I think the comments in the code are self-explanatory but, in essence, to add a new row to the DataFrame I create a new dictionary with the latest stats scraped and append it to the DataFrame.
If you wanna take a look at the complete script, you can find it on my GitHub here. And if you’d like the resulting dataset instead, you can find it here.
Closing thoughts
This was the start to a very fun personal project. Not only did I have a chance to work with data from a game I spend a lot of time on, but I got to work on Data Science while at it… well, Data Engineering at this stage. It was cool to revisit Selenium after using it a couple of years ago and learn more about web scraping.
But, given the nature of the work, this is a shaky script. It works today, but if GamePress decides to change these pages then they can easily break the script. APIs are always a better an alternative, that is, when they are an alternative… When APIs are not an option, web scraping can still get the job done if your requirements are flexible enough and/or you potentially have people to support the code in the long run.
Last but not least, feedback is very welcome, not just for the code but also for the article itself. I usually write tutorials-ish, but this time I decided to do more of a discussion on what I did and why I did it. Please let me know if you enjoyed reading it and what can be improved. Was I too verbose? Did I strike a good balance between telling about the code and actually showing it? Should I have elaborated more on the code explanations?

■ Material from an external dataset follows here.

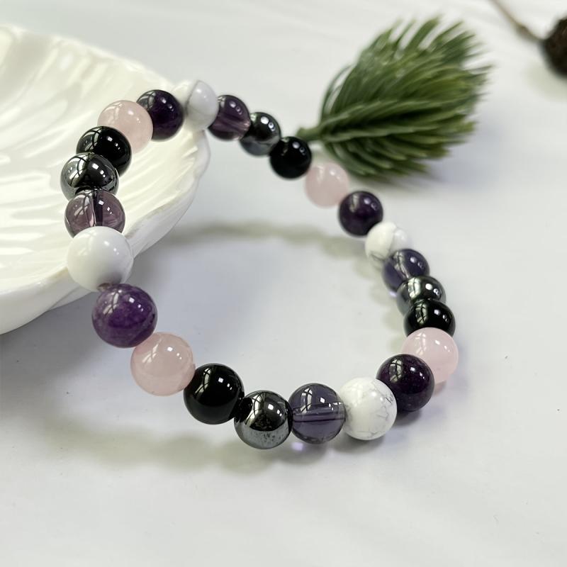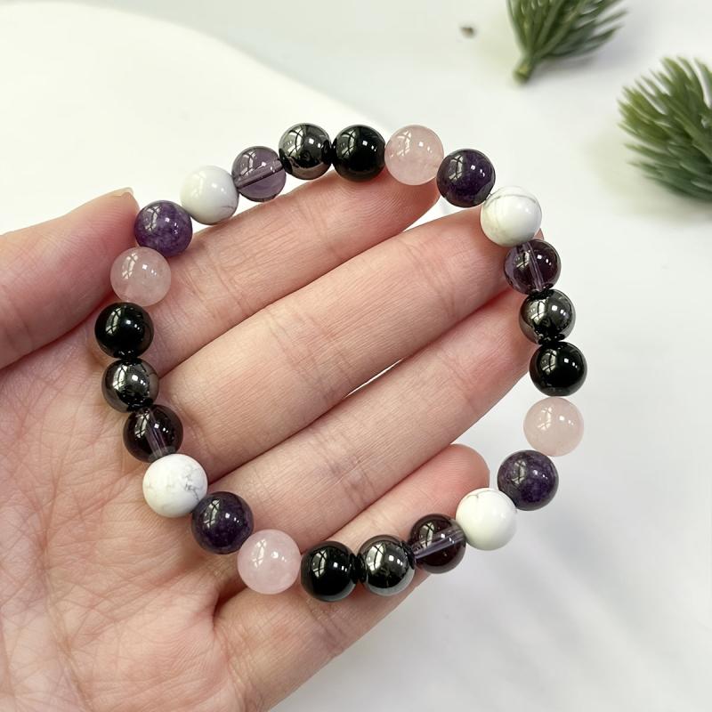 This bracelet features natural stones including amethyst, tourmaline, hematite, rose quartz, and lepidolite. It is perfect for balancing energy and promoting relaxation.
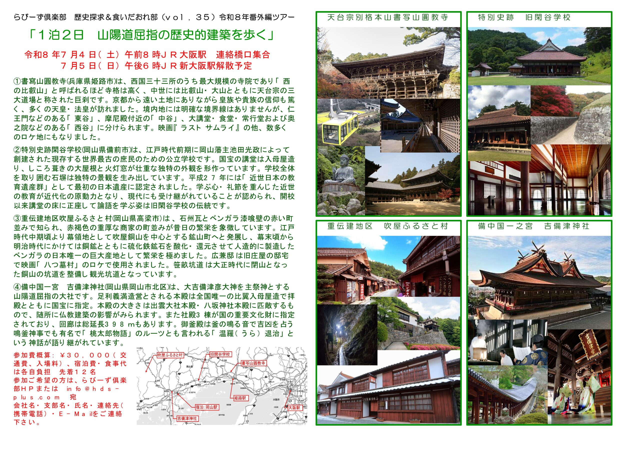 【歴史探求&食いだおれ部】26/07/04~05 1泊2日「山陽道屈指の歴史的建築」を歩く

At any rate, thank you for reading the article and I hope this code can help you in the future :)
P.S. if you try to run this script today or in the next few days, it will break because the wiki is already adding the newly-announced characters and their pages are still a work in progress. So if you try to run the script make sure to ignore the URLs for these characters. The code for this is in the final script (lines 132–135). Uncomment these lines if needed.